━━ THE RECORDS ━━

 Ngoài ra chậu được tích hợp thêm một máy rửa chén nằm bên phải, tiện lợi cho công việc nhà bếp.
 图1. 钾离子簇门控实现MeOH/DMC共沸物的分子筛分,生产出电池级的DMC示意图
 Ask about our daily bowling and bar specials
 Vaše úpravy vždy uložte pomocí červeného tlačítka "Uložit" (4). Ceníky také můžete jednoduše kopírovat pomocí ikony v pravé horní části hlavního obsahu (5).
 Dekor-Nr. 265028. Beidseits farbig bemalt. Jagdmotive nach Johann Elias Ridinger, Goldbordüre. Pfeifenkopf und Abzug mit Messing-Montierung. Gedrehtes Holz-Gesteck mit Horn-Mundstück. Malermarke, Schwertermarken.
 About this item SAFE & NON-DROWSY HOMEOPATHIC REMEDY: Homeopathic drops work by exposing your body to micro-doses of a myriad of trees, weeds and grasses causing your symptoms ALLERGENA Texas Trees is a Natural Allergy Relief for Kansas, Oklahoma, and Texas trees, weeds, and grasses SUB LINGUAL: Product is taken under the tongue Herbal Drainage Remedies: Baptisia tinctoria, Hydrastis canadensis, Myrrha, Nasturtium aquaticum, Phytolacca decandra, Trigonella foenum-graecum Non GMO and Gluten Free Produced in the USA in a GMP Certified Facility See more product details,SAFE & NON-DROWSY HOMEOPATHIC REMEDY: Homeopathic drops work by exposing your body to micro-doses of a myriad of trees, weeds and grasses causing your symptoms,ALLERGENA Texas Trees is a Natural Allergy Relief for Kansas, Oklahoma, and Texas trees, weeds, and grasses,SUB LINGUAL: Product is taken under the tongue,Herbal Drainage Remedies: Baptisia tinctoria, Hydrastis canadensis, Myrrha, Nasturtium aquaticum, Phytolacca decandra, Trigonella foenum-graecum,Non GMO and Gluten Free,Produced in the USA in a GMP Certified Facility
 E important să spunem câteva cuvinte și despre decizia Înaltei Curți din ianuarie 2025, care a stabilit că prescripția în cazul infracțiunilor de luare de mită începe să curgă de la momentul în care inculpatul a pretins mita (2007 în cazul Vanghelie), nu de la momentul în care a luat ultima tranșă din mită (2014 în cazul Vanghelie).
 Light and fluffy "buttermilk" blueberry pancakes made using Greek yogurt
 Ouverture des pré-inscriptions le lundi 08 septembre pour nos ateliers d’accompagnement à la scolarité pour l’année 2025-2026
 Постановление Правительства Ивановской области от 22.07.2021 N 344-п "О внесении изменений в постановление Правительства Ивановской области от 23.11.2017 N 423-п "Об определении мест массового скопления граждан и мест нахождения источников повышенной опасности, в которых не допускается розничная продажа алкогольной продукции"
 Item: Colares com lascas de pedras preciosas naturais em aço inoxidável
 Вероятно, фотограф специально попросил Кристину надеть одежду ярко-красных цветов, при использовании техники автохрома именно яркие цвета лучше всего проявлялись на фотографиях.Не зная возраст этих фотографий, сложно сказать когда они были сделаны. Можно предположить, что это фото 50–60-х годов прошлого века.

━━━

Every line of the listing above is to be set down again without any change.

 Ngoài ra chậu được tích hợp thêm một máy rửa chén nằm bên phải, tiện lợi cho công việc nhà bếp.
 图1. 钾离子簇门控实现MeOH/DMC共沸物的分子筛分,生产出电池级的DMC示意图
 Ask about our daily bowling and bar specials
 Vaše úpravy vždy uložte pomocí červeného tlačítka "Uložit" (4). Ceníky také můžete jednoduše kopírovat pomocí ikony v pravé horní části hlavního obsahu (5).
 Dekor-Nr. 265028. Beidseits farbig bemalt. Jagdmotive nach Johann Elias Ridinger, Goldbordüre. Pfeifenkopf und Abzug mit Messing-Montierung. Gedrehtes Holz-Gesteck mit Horn-Mundstück. Malermarke, Schwertermarken.
 About this item SAFE & NON-DROWSY HOMEOPATHIC REMEDY: Homeopathic drops work by exposing your body to micro-doses of a myriad of trees, weeds and grasses causing your symptoms ALLERGENA Texas Trees is a Natural Allergy Relief for Kansas, Oklahoma, and Texas trees, weeds, and grasses SUB LINGUAL: Product is taken under the tongue Herbal Drainage Remedies: Baptisia tinctoria, Hydrastis canadensis, Myrrha, Nasturtium aquaticum, Phytolacca decandra, Trigonella foenum-graecum Non GMO and Gluten Free Produced in the USA in a GMP Certified Facility See more product details,SAFE & NON-DROWSY HOMEOPATHIC REMEDY: Homeopathic drops work by exposing your body to micro-doses of a myriad of trees, weeds and grasses causing your symptoms,ALLERGENA Texas Trees is a Natural Allergy Relief for Kansas, Oklahoma, and Texas trees, weeds, and grasses,SUB LINGUAL: Product is taken under the tongue,Herbal Drainage Remedies: Baptisia tinctoria, Hydrastis canadensis, Myrrha, Nasturtium aquaticum, Phytolacca decandra, Trigonella foenum-graecum,Non GMO and Gluten Free,Produced in the USA in a GMP Certified Facility
 E important să spunem câteva cuvinte și despre decizia Înaltei Curți din ianuarie 2025, care a stabilit că prescripția în cazul infracțiunilor de luare de mită începe să curgă de la momentul în care inculpatul a pretins mita (2007 în cazul Vanghelie), nu de la momentul în care a luat ultima tranșă din mită (2014 în cazul Vanghelie).
 Light and fluffy "buttermilk" blueberry pancakes made using Greek yogurt
 Ouverture des pré-inscriptions le lundi 08 septembre pour nos ateliers d’accompagnement à la scolarité pour l’année 2025-2026
 Постановление Правительства Ивановской области от 22.07.2021 N 344-п "О внесении изменений в постановление Правительства Ивановской области от 23.11.2017 N 423-п "Об определении мест массового скопления граждан и мест нахождения источников повышенной опасности, в которых не допускается розничная продажа алкогольной продукции"
 Item: Colares com lascas de pedras preciosas naturais em aço inoxidável
 Вероятно, фотограф специально попросил Кристину надеть одежду ярко-красных цветов, при использовании техники автохрома именно яркие цвета лучше всего проявлялись на фотографиях.Не зная возраст этих фотографий, сложно сказать когда они были сделаны. Можно предположить, что это фото 50–60-х годов прошлого века.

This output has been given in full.